An interesting battle in many ways. Not only because of the tanks and the gutsy heroics on the part of the defenders, but there were female NVA soldiers armed with M16s among the attackers. IMO it also stands as an indictment of the M72 LAAW, a weapon I thought was an undependable POS even before a spontaneous detonation killed two men in my company.

_"Colonel Schungel _[Lt Col Daniel Schungel, CO of Special Forces in I Corps]_ knelt in the middle of the camp,  with green tracers from enemy machine guns criss-crossing the ground in front of him, and widly swinging parachute flares overhead, and fired a LAW at the lead tank. The shell hit in a great shower of orange sparks, but the tank kept rolling. He moved closer with another LAW, but this time the disposable launcher refused to fire. Now he was close enough to roll hand grenades under the tank treads,  and to fire his rifle into the eyeslits. The tank kept rolling. Another team hit one North Vietnamese tank nine times with the shoulder-fired LAW rockets, and the tank kept rolling." --_ Robert Pisor

Again, Welcome Home SFC Holt, who can now, finally, Rest in Peace.


----------



## RetPara (Jan 20, 2015)

I still play WinSPMBT.   It contains a Lang Vei scenario.   I haven't played it for a while; it makes the Koybishu Maru (Star Trek) look easy (before Kirk puts in the cheats).  
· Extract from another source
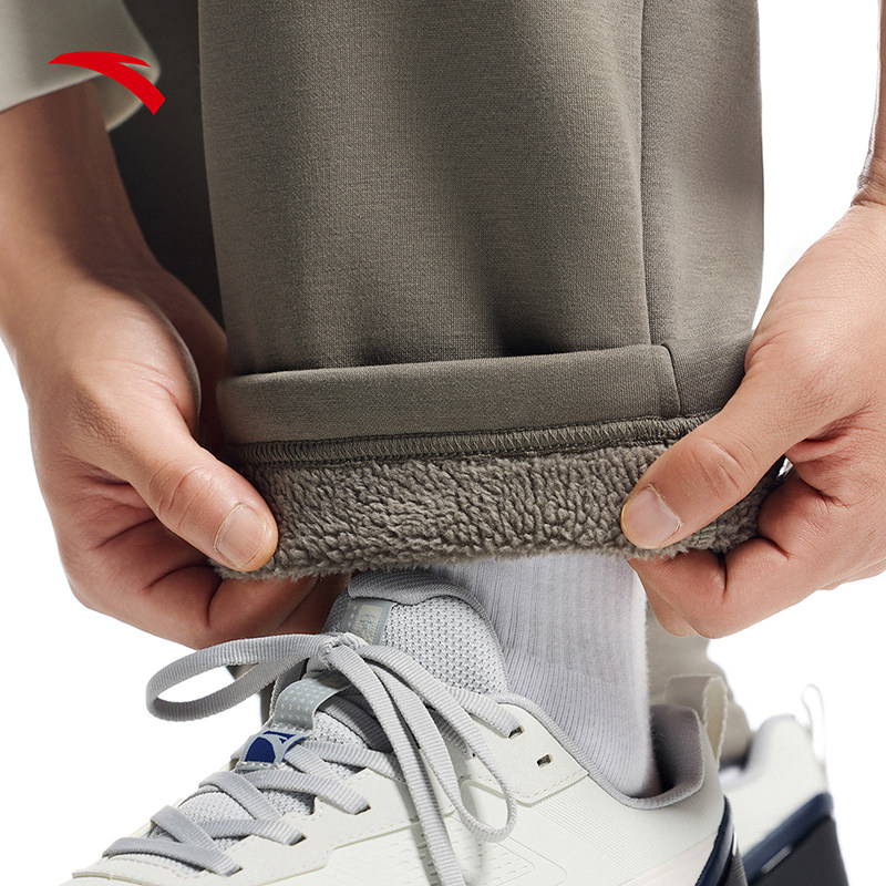 特步加绒卫裤男裤加厚秋冬款保暖缩脚裤直筒休闲裤百搭男子运动裤

Gonna have to revisit that one again......   Even did some modifications to the friendly OB last time....   didn't really help....


----------



## x SF med (Jan 20, 2015)

Welcome home, Brother, may you rest easy.


----------



## Viper1 (Jan 20, 2015)

Welcome home SFC Holt. Rest in Peace.


----------



## Red Flag 1 (Jan 20, 2015)

Welcome home warrior. Rest In God's Own Peace, SFC Holt.


----------



## Totentanz (Jan 20, 2015)

Welcome home.  The PR mission should never lose the gravity we currently give it.


----------



## Teufel (Jan 20, 2015)

I used to work for JPAC doing underwater recoveries.  I can ask around and see who handled the SFC Holt case.  What did you want to know?


----------



## RackMaster (Jan 20, 2015)

Welcome home.


----------



## RetPara (Jan 21, 2015)

I was wondering where they found the remains.   It's was thought (by more than a few) that he had basically been 'vaporized' when the ammo bunker he was headed to took a direct hit from a NVA rocket; like a B9(?) or 120mm.    Now it would seem that he may not of made it to the ammo bunker at all.   In Nam and the South Pacific it seemed just really easy for a person to disappear because of the terrain.


----------



## Centermass (Jan 21, 2015)

Welcome home Sergeant Holt to your proper resting place. 

~S~


----------



## BloodStripe (Jan 21, 2015)

Welcome home. May you rest easy.


----------